I gaze out the window and watch the snowflakes drift downwards as they either melt on the window pane or fly away behind the moving car. Cars zoom past, sending a few flakes spinning. I sigh, breath fogging up the cold glass. My mother hums to the pop song on the radio, bobbing her head up and down in the seat beside me while Amelia, my 11 year-old sister sitting at the back, belts the lyrics out at the top of her lungs and dances in her seat (mostly with her hands) enthusiastically nodding her head along. My mother had finally found a way to convince me to leave the house after three long days, using bribery, might I add. A promise to buy me the latest Ed Sheeran album was all it took for me to throw on my coat and lace up my boots, rushing to the door in my excitement to leave for the mall.

 

The winter weather was harsh and the day had been one of the best so cars were out and about, making use of the open stores while they could. Our vehicle pulled up at the almost-full car park of the Target department store and I was almost jumping in the haste to go in and make that CD mine. We entered the sliding doors, instantly warmed up by the heaters of the store as Mum immediately walked away muttering something about a dodgy coffee machine and Amelia instantly started to run towards the doll section shouting something about a Harry Styles. I, being the only probable sane person in my family, played casual as I power-walked over towards the CD section and started to flip through the huge array of albums. Orange, orange, orange, where is it?

 

Tapping a young looking worker on the shoulder, I asked, “excuse me, do you happen to have ‘Plus’ by Ed Sheeran in stock?”

 

“They ran out last week and shipping is late because of the horrible weather,” the girl said cheerily. “But we do have the latest One Direction album here, and Justin Bieber there, and Adele right over there!” she said pointing at each self dedicated to the different albums. “If you need any help, just ask!” She said with a fake grin plastered on her face.

 

“Erm, okay, thanks.”

 

So, I had left my perfectly comfortable bed to find this? Three days had been spent wallowing in my thoughts, and then interrupted by hope of the Ed Sheeran album. But no, fate just had to screw that up too. Absolutely perfect, I thought. I guess it wasn’t that bad as I had the full album on my iPod, but having in hardcopy would be so much better. Not that I would know though, I didn’t have a single album (if you didn’t count the ‘my little pony’ sound track from when I was six) but I owned a particularly large iTunes library.

 

With a huff I continued flipping through, mumbling profanities and cursing Target, my soggy boots, the bad weather- anything really.

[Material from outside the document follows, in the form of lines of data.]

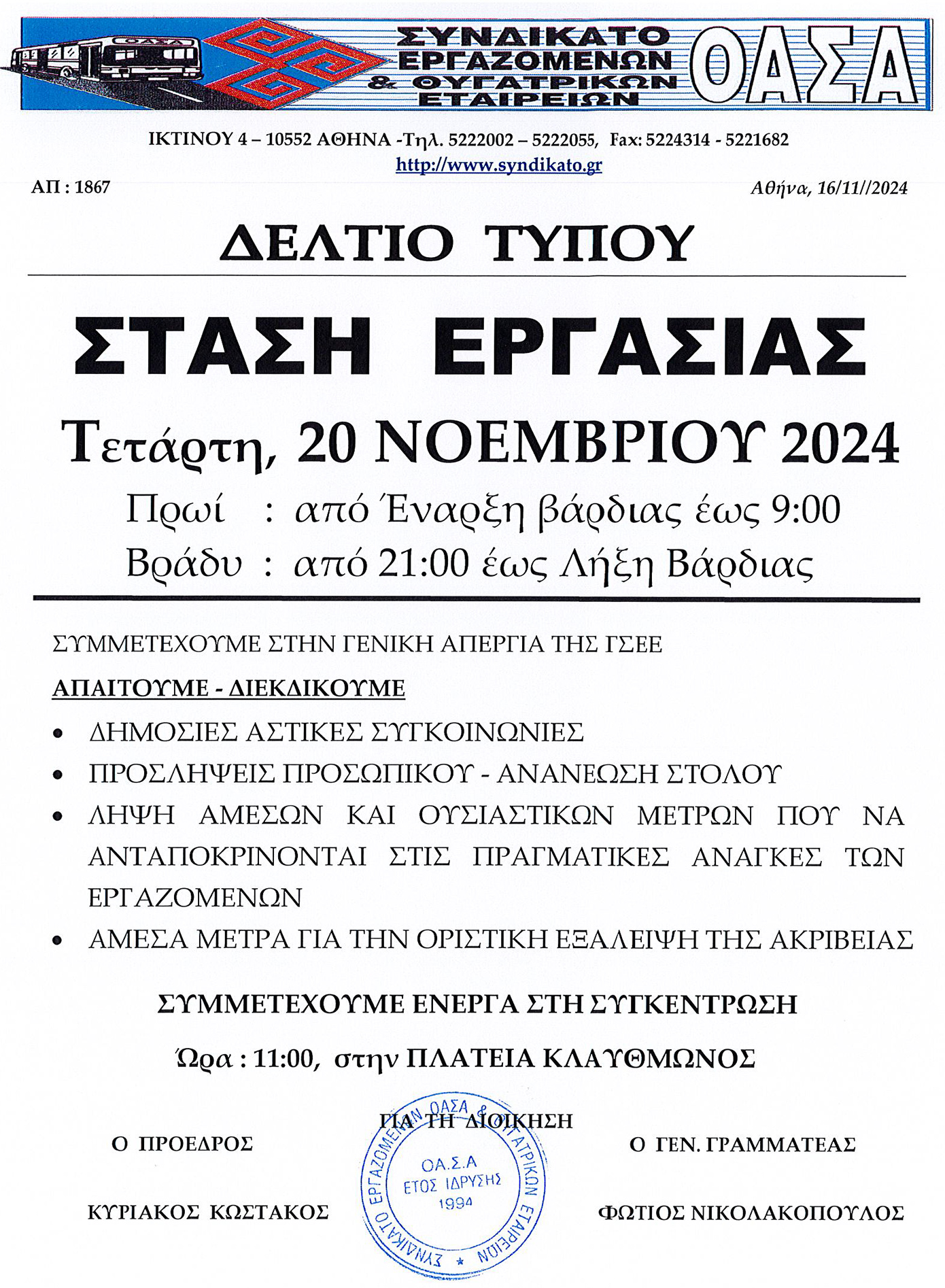 την πραγματοποίηση 24ωρης Γενικής Απεργίας για την Τετάρτη 20 Νοεμβρίου 2024
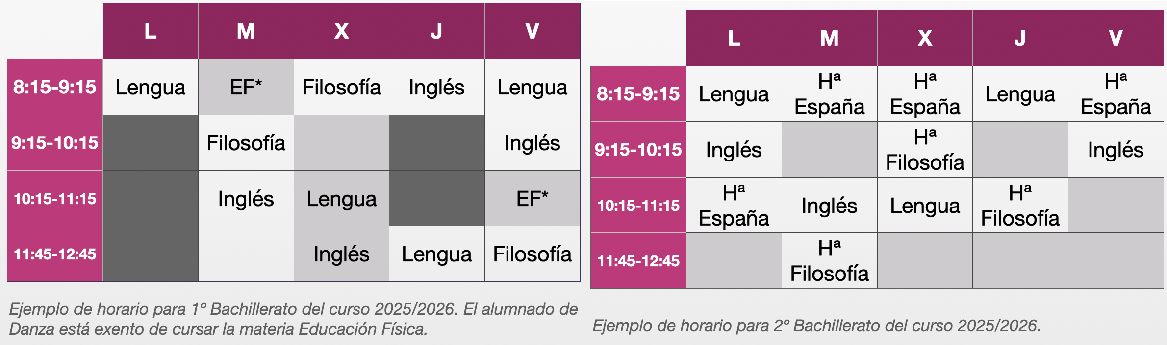 A modo de ejemplo, se facilitan algunos horarios para los cursos 1º y 2º Bachillerato de cursos anteriores. Se hace constar que estas distribuciones son meramente informativas y, por tanto, no han de generar expectativas. Solo se intentará garantizar la distribución de clases en las tres primeras franjas horarias (de 8:15 a 11:15).
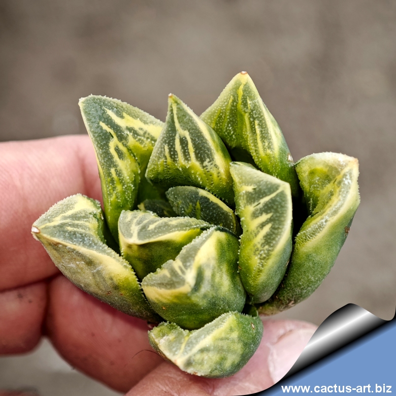A stunning variegated Haworthia, blending dark green, lemon yellow, and hints of orange. Its slow growth is worth the wait for such a mesmerizing display. Highly coveted rarity!
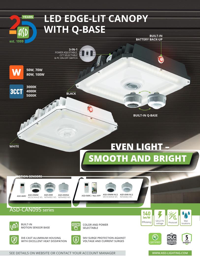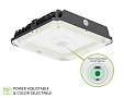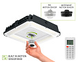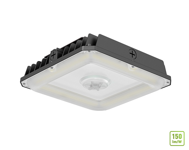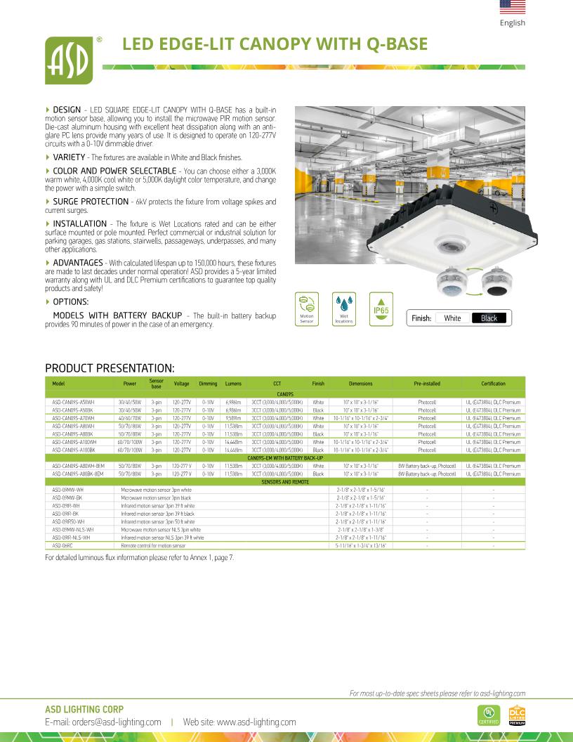DESIGN. LED SQUARE EDGE-LIT CANOPY WITH Q-BASE has a built-in motion sensor base, allowing you to install the microwave PIR motion sensor. Die-cast aluminum housing with excellent heat dissipation along with an anti-glare PC lens provide many years of use. It is designed to operate on 120-277V circuits with a 0-10V dimmable driver.
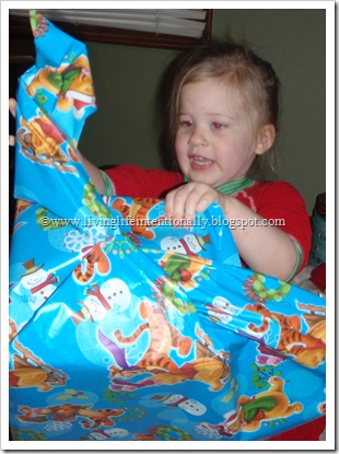 This is a much anticipated activity in our house!! Even grown-ups get a present. These are not big presents – maybe a holiday related item like Christmas socks that by the time you open it on Christmas you can’t use it until the next year, flavored coffee for Dad, snowman stuffed animals from Target dollar section, special ornament reflecting a milestone or new interest (ballerina for Minnie this year since she started taking ballet class), you get the idea. The fun is in the opening!
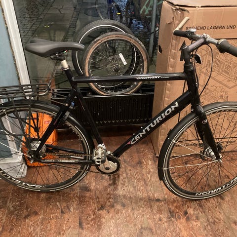 Centurion Herre Bycykel. Cyklen er designet til mænd og har et stel og hjul, der er velegnet til bykørsel. Den er udstyret med skærme og en komfortabel sadel. Farven er en kombination af grå og blå.
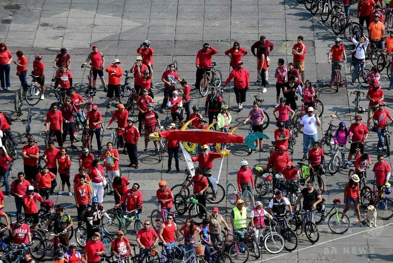 数千人で作る「巨大自転車」、世界自転車デー メキシコ市

I was that upset. A familiar album caught my eye, Fearless. Taylor Swift was the complete queen of breakup songs; she had written countless songs that many broken-hearted could personally relate to. But that wasn’t the reason.

 

Taylor Swift had written our song- the song that I was listening to when we had first met, the song we had first danced to, the song that was playing when we first kissed. The tune rung through my head, echoing like church bells, you are the best thing, that's ever been mine. It brought me back to the days, the days of constant laughter and smiles and chatter.

 

As soon as the memories arrived, I forced them to leave in a flash. I reminded myself I was better now that you left me for good. I reminded myself that I was mature, that I wasn't the naive little girl who used to wear sundresses and bright flowers in my hair. I was Isabelle, not the girl you left that day, a new one now, a strong one. But somewhere deep inside, I wanted it, I wanted it all back. I wanted to go back in time, i wanted to change your mind, i wanted to be freed from the jail cell of being alone, from being away from you. I wanted to feel safe. And the only place that could make me feel that way, was with you.

 

“Ahh, so you like Taylor Swift?” the same worker asked from a few shelves behind where she was stacking DVDs. I whipped my head around completely bewildered that she had been standing close by and possibly staring at me for the past ten minutes.“Well her new album ‘Red’ is right there,” she continued, not giving me time to answer her question. I followed her pointed finger and turned to face the large shelf covered with posters and merchandise, the albums squeezed side-by-side in every slot available. I gave the lady a brief nod as she grinned as if she was a little kid and I had given her a lolly store.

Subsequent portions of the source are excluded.